If you’ve been reading us for a while, you know how much we love and advocate for our national parks. They are our nation’s most prized treasures, the parks system a living, breathing organism. So when the government shuts down, most of our national parks do too.
This statement currently lives on nps.gov:
During the federal government shutdown, this website will not be updated and may not reflect current conditions. Some national parks may remain accessible to visitors; however, access may change without notice. Some parks are closed completely. Some visitor services may be available when provided by concessioners or other entities. For most parks, there will be no National Park Service – provided visitor services, such as restrooms, trash collection, facilities, or road maintenance. For more information see www.doi.gov/shutdown and the park website.

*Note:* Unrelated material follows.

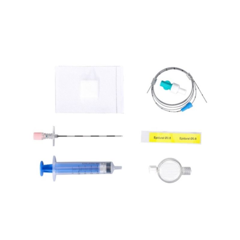 硬膜外麻酔キットは、硬膜外針、硬膜外カテーテル(一般タイプまたは強化タイプ)、導入針、導入ガイド、カテーテルコネクタ、液体フィルター、低抵抗シリンジで構成されています。硬膜外穿刺や、硬膜外麻酔中の硬膜外腔への液体薬剤の注入に使用されます。

For the last five days, one park in particular has been on the front page of every news outlet, Joshua Tree National Park. Park officials issued this statement last week that said the park has suffered from, “sanitation, safety and resource protection issues,” since December 22nd, when the shutdown began. This includes illegal camping, vandalization and the cutting down of the beloved Joshua trees.
As of Thursday, January 10th, these areas of the park that had previously been closed are now accessible to park visitors:
Stirrup Tank Road
Lost Horse Mine Road and Trial
Keys View Road
Rattlesnake Canyon Picnic Area and Road
WHAT THIS MEANS FOR YOU
While designated areas of Joshua Tree National Park are open, we encourage you to tread lightly. Be mindful that there is a very small, skeleton crew, working to keep the park safe and running. Do not hike or drive off trail. Make a great effort to pack your trash in and out. If a trash can is overflowing, do not leave your trash beside it. Bring your own toilet paper. If you see someone abusing the land, contact local authorities. These ancient trees and land have been preserved for us, and are intended to serve future generations. Respect closures and opt for State parks if you can.
We’ll be rolling out our Road Trip Guide to Joshua Tree in the coming week. We encourage you to devour it and make your way to the places that are open for public use. For those spots we mention that are not currently open to the public, we ask that you respect the temporary closures and make your way back to this iconic land when the park is back up and running.